En défense, M. [Y] conclut au rejet en prétendant que le demandeur ne justifie d’aucun préjudice ni d’une résistance abusive. Au contraire, il considère avoir démontré sa bonne foi.
Sur ce,
En l’espèce, le syndicat des copropriétaires ne vise aucun moyen de droit au soutien de sa demande indemnitaire. Cependant, dans la mesure où il évoque un préjudice et une résistance abusive et injustifiée, sa demande sera examinée à l’aune de l’article 1240 du code civil.
Considérant, les éléments de l’espèce, en particulier que le syndicat des copropriétaires ne démontre pas avoir sollicité la restitution de la cour litigieuse pendant près de 20 ans alors que le verrou était déjà existant sur la porte d’accès à l’entrée dans les lieux du défendeur, qu’il ne démontre pas que M. [Y] ait fait montre d’une quelconque résistance abusive ou injustifiée et qu’il ne justifie d’aucun préjudice, sa demande sera nécessairement rejetée.
Sur les demandes accessoires
Aux termes de l’article 696 du code de procédure civile, la partie perdante est condamnée aux dépens, à moins que le juge, par décision motivée, n’en mette la totalité ou une fraction à la charge d’une autre partie.
En application de l’article 700 du code de procédure civile, le juge condamne la partie tenue aux dépens ou la partie perdante à payer à l’autre partie la somme qu’il détermine au titre des frais exposés et non compris dans les dépens. Le juge tient compte de l’équité ou de la situation économique de la partie condamnée.
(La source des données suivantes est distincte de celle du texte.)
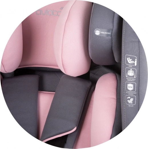 Za manjše otroke omogoča namestitev v nasprotni smeri vožnje (40–105 cm), za večje v smeri vožnje (100–150 cm). Pettočkovni pasovi z mehkim oblazinjenjem zagotavljajo čvrsto in udobno pripenjanje, snemljiva in pralna prevleka pa olajša vzdrževanje.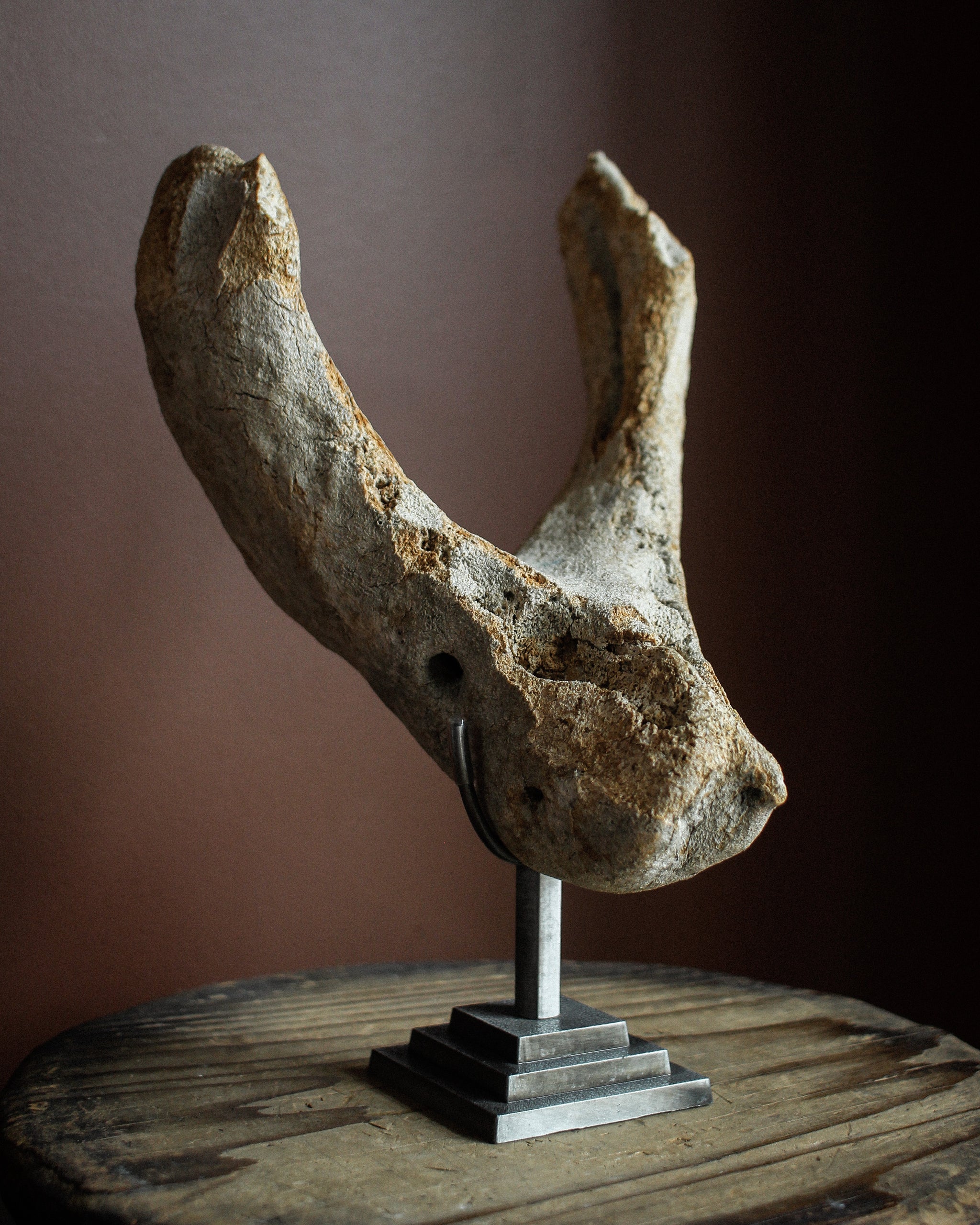 Beautiful fossilized jawbone of a walrus, from the last ice age, 20,000 years ago. Incredible sculptural form with even better patina. Found in Alaska.

Il peut, même d’office, pour des raisons tirées des mêmes considérations, dire qu’il n’y a lieu à condamnation.
Décision du 10 Mars 2026
8ème chambre 1ère section
N° RG 23/09232 – N° Portalis 352J-W-B7H-C2LG4
En application de l’article 514 du code de procédure civile, les décisions de première instance sont de droit exécutoires à titre provisoire à moins que la loi ou la décision rendue n’en dispose autrement.
Sur ce,
Partie succombante, M. [Y] sera condamné aux entiers dépens qui n’inclueront pas le coût du procès-verbal de constat du 28 novembre 2022 dressé par Maître [U], acte relevant des frais irrépétibles.
Tenu aux dépens, il sera en outre condamné à payer au syndicat des copropriétaires la somme de 3.000 euros en application de l’article 700 du code de procédure civile.
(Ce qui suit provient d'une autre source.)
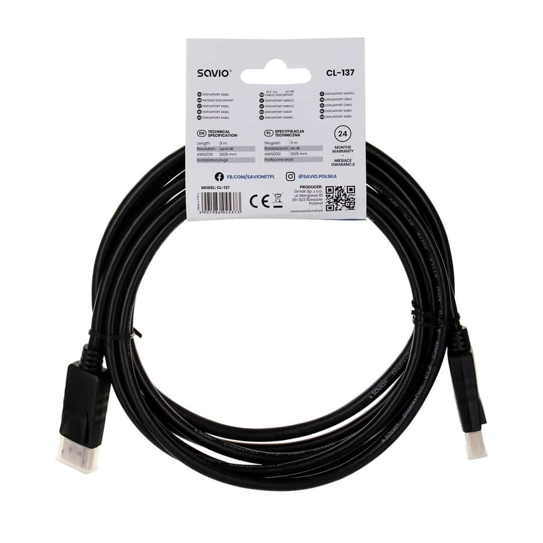 SAVIO — Kabel SAVIO CL-137 (DisplayPort M – DisplayPort M; 3m; kolor czarny)

Enfin, M. [Y] qui succombe, sera débouté de sa demande au titre des dépens et des frais irrépétibles.
Il n’y a pas lieu, enfin, d’écarter l’exécution provisoire de droit.
Les parties seront déboutées de leurs autres demandes plus amples ou contraires.
PAR CES MOTIFS
LE TRIBUNAL, Statuant publiquement, par jugement contradictoire et en premier ressort, rendu par mise à disposition au greffe,
DECLARE M. [E] [Y] recevable en ses demandes ;
CONDAMNE M. [E] [Y] à procéder au retrait du verrou de la porte donnant accès à la cour commune située au rez-de-chaussée de l’immeuble sis [Adresse 4] et à restituer l’accès à la cour de l’immeuble sous astreinte de 100 euros par jour à compter d’un délai de trois mois suivant la signification du présent jugement ;
DIT que l’astreinte provisoire ci-dessus prononcée courra pendant trois mois et sera, le cas échéant, liquidée par le juge de l’exécution, conformément aux dispositions de l’article L.131-3 du code des procédures civiles d’exécution ;
DEBOUTE le syndicat des copropriétaires de l’immeuble sis [Adresse 4] de sa demande indemnitaire ;
CONDAMNE M. [E] [Y] aux entiers dépens lesquels ne comprendront pas le coût du procès-verbal de constat dressé par Maître [U] le 28 novembre 2022 ;
CONDAMNE M. [E] [Y] à payer au syndicat des copropriétaires de l’immeuble sis [Adresse 4] la somme de 3.000 euros en application de l’article 700 du code de procédure civile incluant le coût du procès-verbal de constat dressé par Maître [U] le 28 novembre 2022 ;
DEBOUTE M. [E] [Y] de sa demande au titre des dépens et des frais irrépétibles ;
RAPPELLE que l’exécution provisoire est de droit ;
DEBOUTE les parties du surplus de leurs demandes.
Fait et jugé à [Localité 1] le 10 Mars 2026.